Wednesday, May 9, 2018

THINGS LOOK BLEAK? LOVE AND LAUGH, BABY!

 I once believed that when my life seemed to be at 6s & 7s, that I was doing something wrong, and to the material world that may well be. But I've come to believe, on a higher plane, that is when I am unknowingly doing God's will...and I need only to trust him in this.

Over the last year or so, twelve friends (this includes my little guy) have left my life...most all by moving to another state, one through death and one through her own misguided anger (which I hope is part of our mutual initiation process, but she's gone and I'm glad, so be it).

Then starting in October of last year, I began to have trouble with my teeth...specifically, one tooth. My dentist fixed it to the tune of $2,000. Then in November, he retired, and in December, as I brushed my teeth, the new tooth (a crown actually) fell out in the sink. It's May and $4,000 later, and we're still working on that tooth, and last week another crown fell out in the sink.

My dentist is talking implants, and my ego Lucy is gearing up for her war dance.

As I awoke this morning, I started to pray for...and (God is so good to me) I remembered: When I pray for -- anything, I am going down that wrong road again.
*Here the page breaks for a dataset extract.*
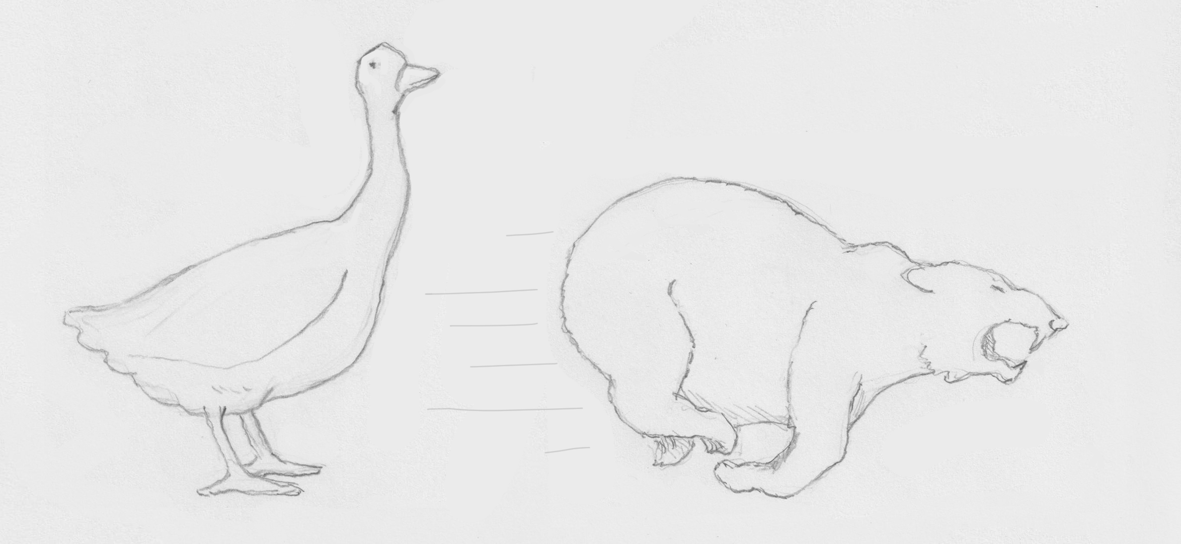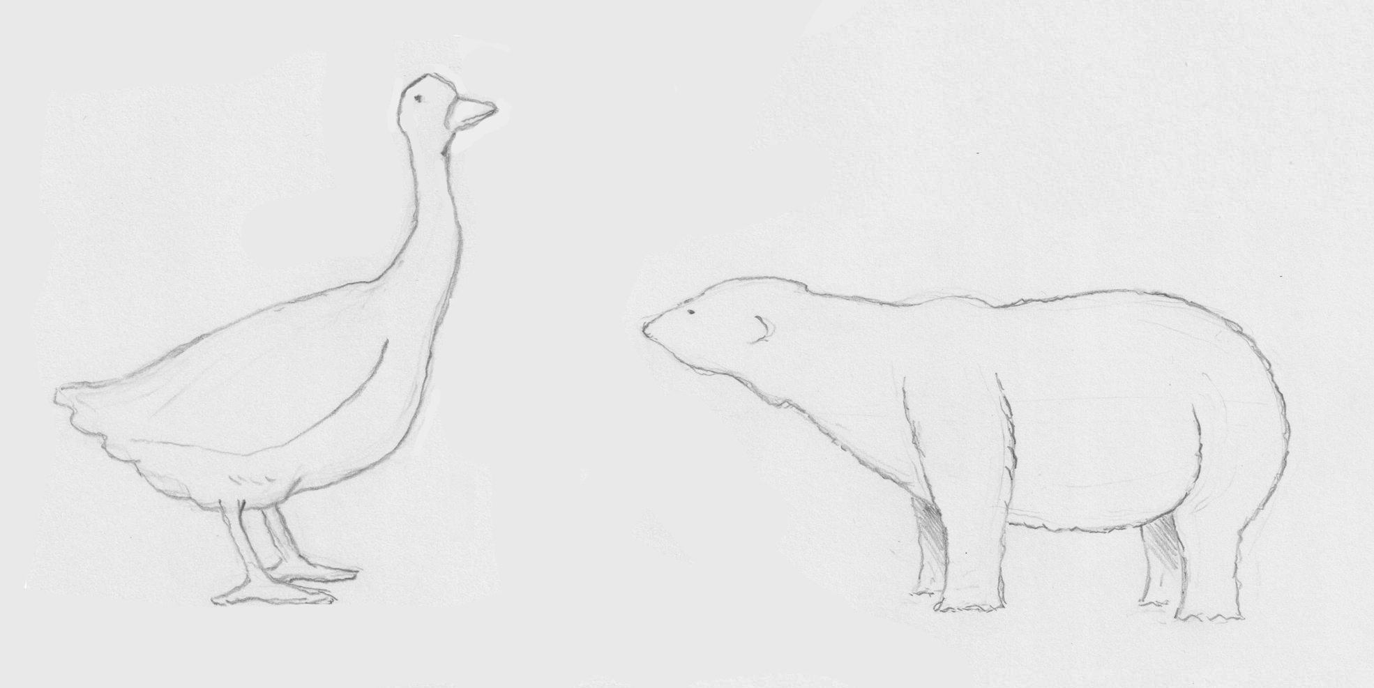 Oefening: Misschien vind je het tot slot van deze les leuk om een of meer van de volgende met een 2B basispotlood getekende dieren na te tekenen of zelfs te printen en over te trekken om er iets mee te doen. Een aantal dieren komt uit de strip Little Nemo in Slumberland van Winsor McCay (1869-1934), grondlegger van strip- en animatiekunst.

I quick thanked God for whatever, however, whenever he willed for me. I kinda wallowed in the knowing that my only thought need be  that God has my answer no matter the appearance...stay my mind on that fact...when it ventures out, pull it back with a thank you and know all is as it should be in my life right this very minute...Now.

Then I read my "God Calling," and here's a part of today's message: Doubt always your power or wisdom to put things right, ask Me to right all as you leave it to Me and go on your way loving and laughing. Not to put too fine a point on it!

I'm telling you God loves me sooo much.

Thank you.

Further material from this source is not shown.